La zona de mayor efectividad para el aclaramiento de lactato se sitúa entre el 30% y el 40% del VO₂máx, con una frecuencia cardíaca objetivo de aproximadamente 100–120 bpm en adultos. Por debajo del 25%, el efecto sobre el flujo sanguíneo se reduce. Superar el umbral de lactato contraproducentemente sumaría fatiga en lugar de revertirla. La duración típica recomendada es de 15 a 30 minutos.
¿Cuánto más rápido elimina el lactato la recuperación activa en comparación con el reposo?
Hermansen y Stensvold demostraron en 1977 que el trote realizado a entre el 35% y el 40% del VO₂máx elimina el lactato entre 2 y 4 veces más rápido que el reposo en posición supina. El meta-análisis de Dodd et al. (1996) consolidó 14 estudios y confirmó que la recuperación activa produce mayor aclaramiento de lactato que el reposo completo en el 96% de los casos analizados.
¿En qué situaciones es preferible el descanso pasivo sobre la recuperación activa?
El descanso pasivo resulta más ventajoso cuando la ventana de recuperación entre sesiones es menor a 4 horas, cuando la repleción de glucógeno muscular es prioritaria, o cuando existe fatiga severa del sistema nervioso central.
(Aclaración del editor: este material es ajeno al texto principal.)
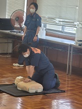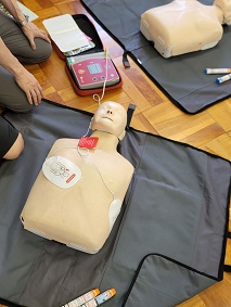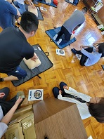 (倒れている人の)周囲の安全確認、倒れている人の反応(意識)の確認、呼吸の確認を行った後、必要があれば胸骨圧迫(心臓マッサージ)、この流れを一通り説明していただきました。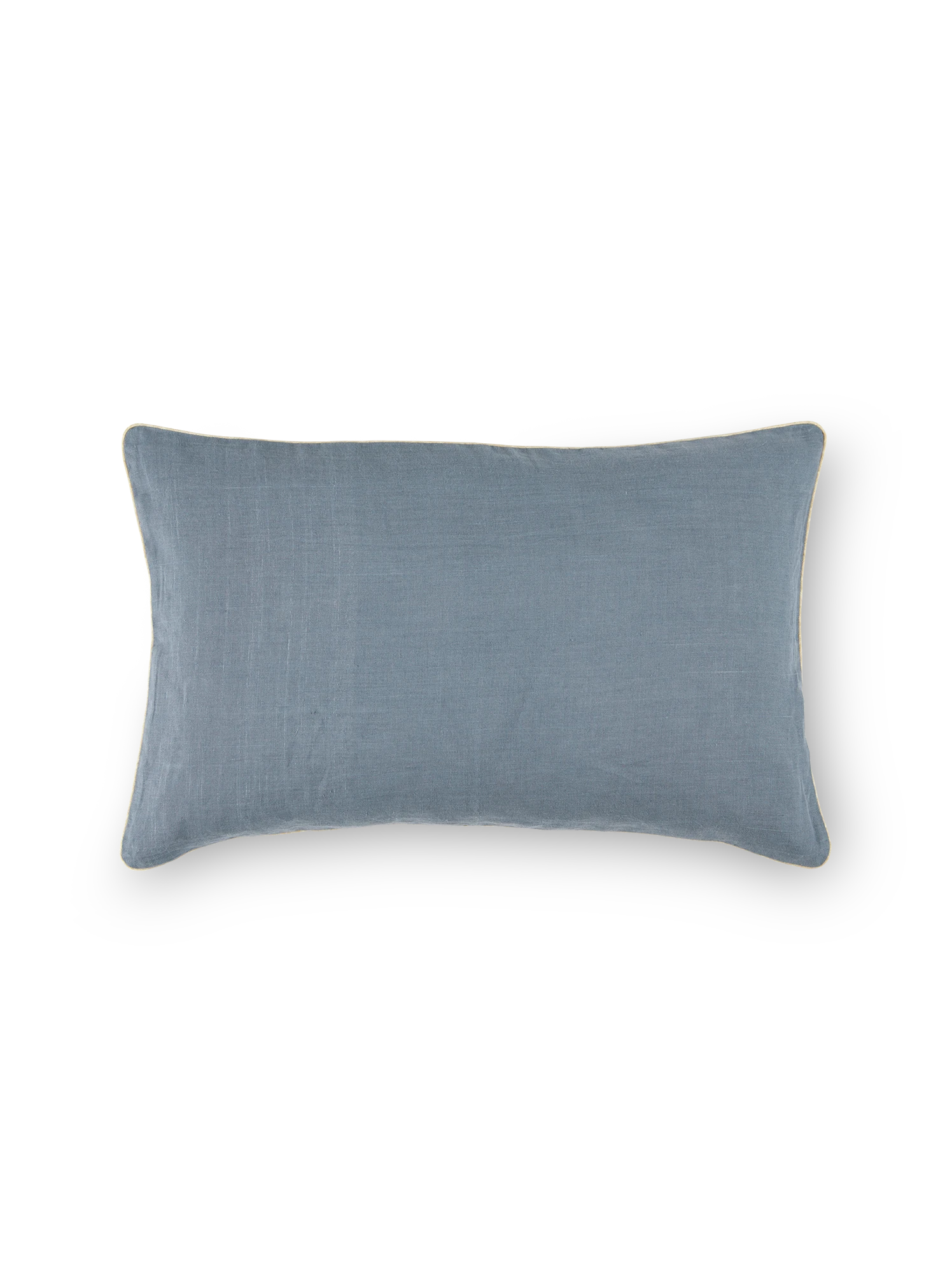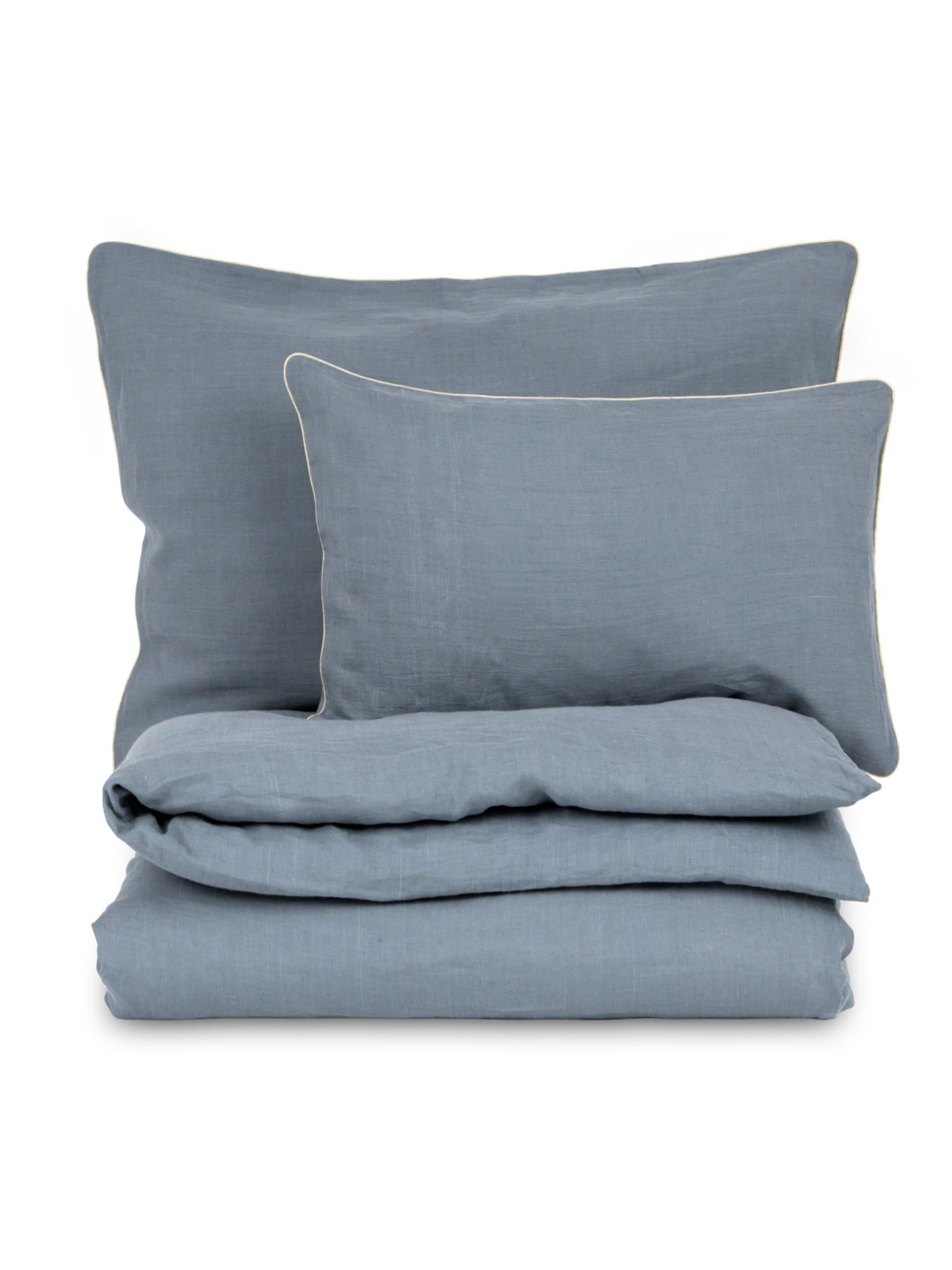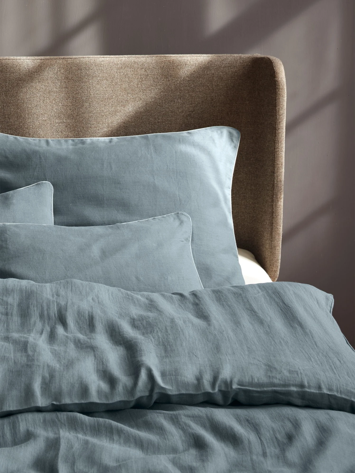 Hergestellt aus 100 % Leinen, in den Farbgebungen Blaugrau oder Graugrün. Kissenüberzüge mit Paspelband in Kontrastfarbe Natur umsäumt. Versetzter, sichtbarer Knopfverschluss mit Steinnussknöpfen in Natur.

Menzies et al. (2004) observaron que en nadadores de élite con competiciones separadas por 2 horas, el descanso pasivo combinado con ingesta de carbohidratos superó a la recuperación activa en el rendimiento de la segunda sesión.
¿Qué tipos de actividades se recomiendan para la recuperación activa y cuáles tienen menor impacto articular?
Entre las actividades recomendadas destacan el trote y la marcha, el ciclismo de baja resistencia, la natación, el ejercicio en aguas profundas, la elíptica, el remo en ergómetro y el yoga activo. Las opciones con menor carga articular son el ciclismo, la natación y la elíptica. El ejercicio en aguas profundas es la alternativa con carga articular prácticamente nula, ya que la flotación elimina el impacto gravitacional.